It has taken me several weeks to come to terms with the final outcome of our journey along this very cruel road to justice. I could just take a right turn and walk away from it all but that would not be me because I am always my own worst enemy. What drives me many would argue is insanity, I myself do it because I am a mother, these are my children and I see every day the damage that child abuse does. Over two years we waited, 7 preliminary court hearings all manipulated by the defence. Sadly during a time my children were coming to terms with their new lives away from their abuser. The reality and having to share their abuse with the police, the procurator fiscal and of course me.
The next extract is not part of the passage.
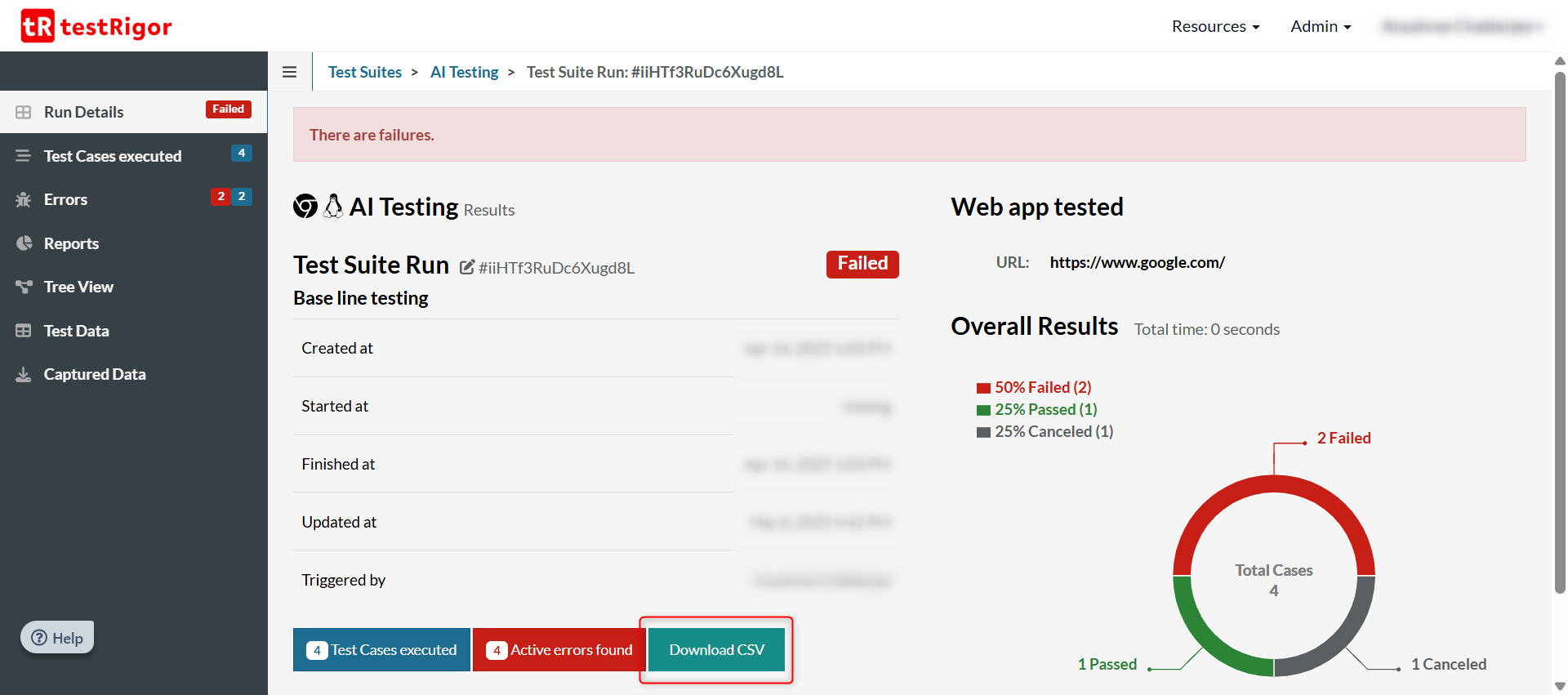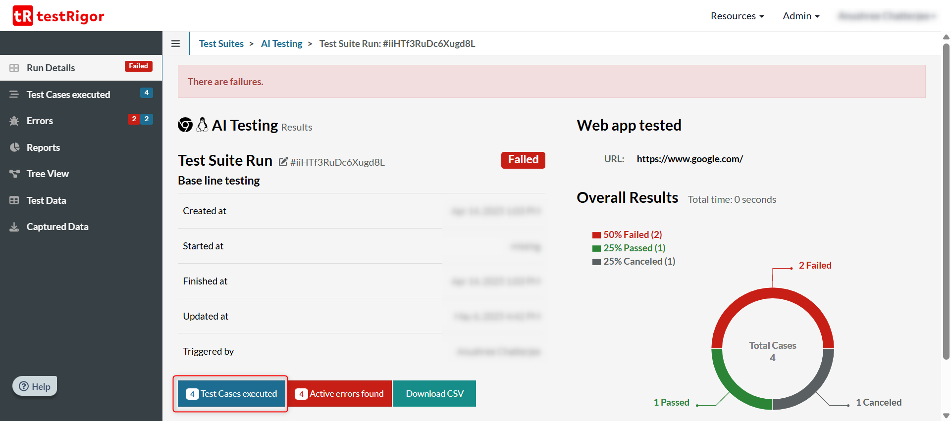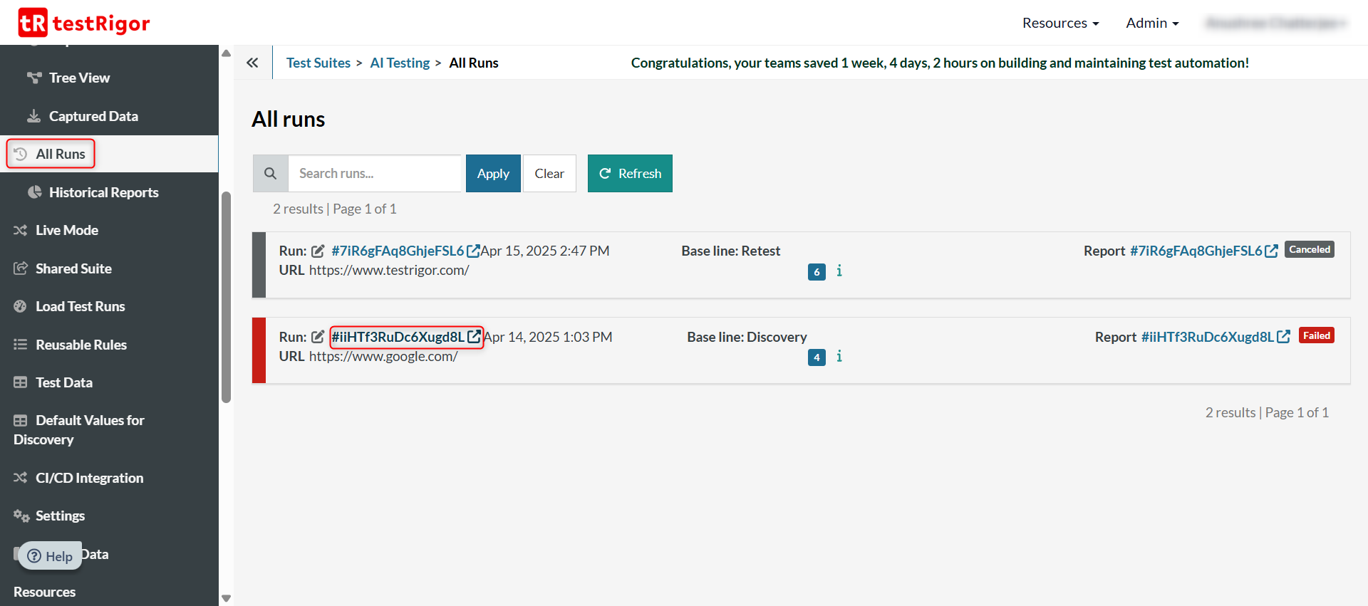You can view these 21 CFR Part 11 compliant test results from a couple of places within testRigor.

Maybe my anger blinded me to their capability of actually dealing with this undated and abusing procedure of trying to take their abuser to court. I thought ultimately it would help them with their recovery, it was wrong that this happened, he could not do this and walk away from what he had done and of course the fear of what he might do to another child.
Again like the fool I am I encourage them. I trusted the PF and the Justice System to stop this man but as always he was away head of us, over time it became apparent that he had been planning his defence for some time. It shouldn't really of come as a surprise abusers are very clever. Sadly after each prelimary hearing being continued and him getting more and more time it was like a kick in the face to the children and me. I can truly say that it had an immense impact on our mental health. More so for my youngest who began to suffer more and more as time went on. When we left he was still so very young and he had just begun to go through puberty which is hard enough but so traumatic if you have been sexually abused.
They gave us a date even though there were things that the PF had not put in place even 2 weeks before the trail. A floating trail too which meant even though we had a date it might not start on that date, could start the day after or day after that and all this uncertainty affecting my children mentally and showing the amount of empathy the court system has for victims of child abuse . My child was to have a named supporter to sit with him whilst giving evidence and at this date the supporter had not been cleared by the courts, they tell you in the court leaflets you will know what Judge is taking the case but this was completely untrue right up to the trail date we never knew the Judge or even met the Deputy Advocate who was taking our case. Maybe because this trail was never going to happen.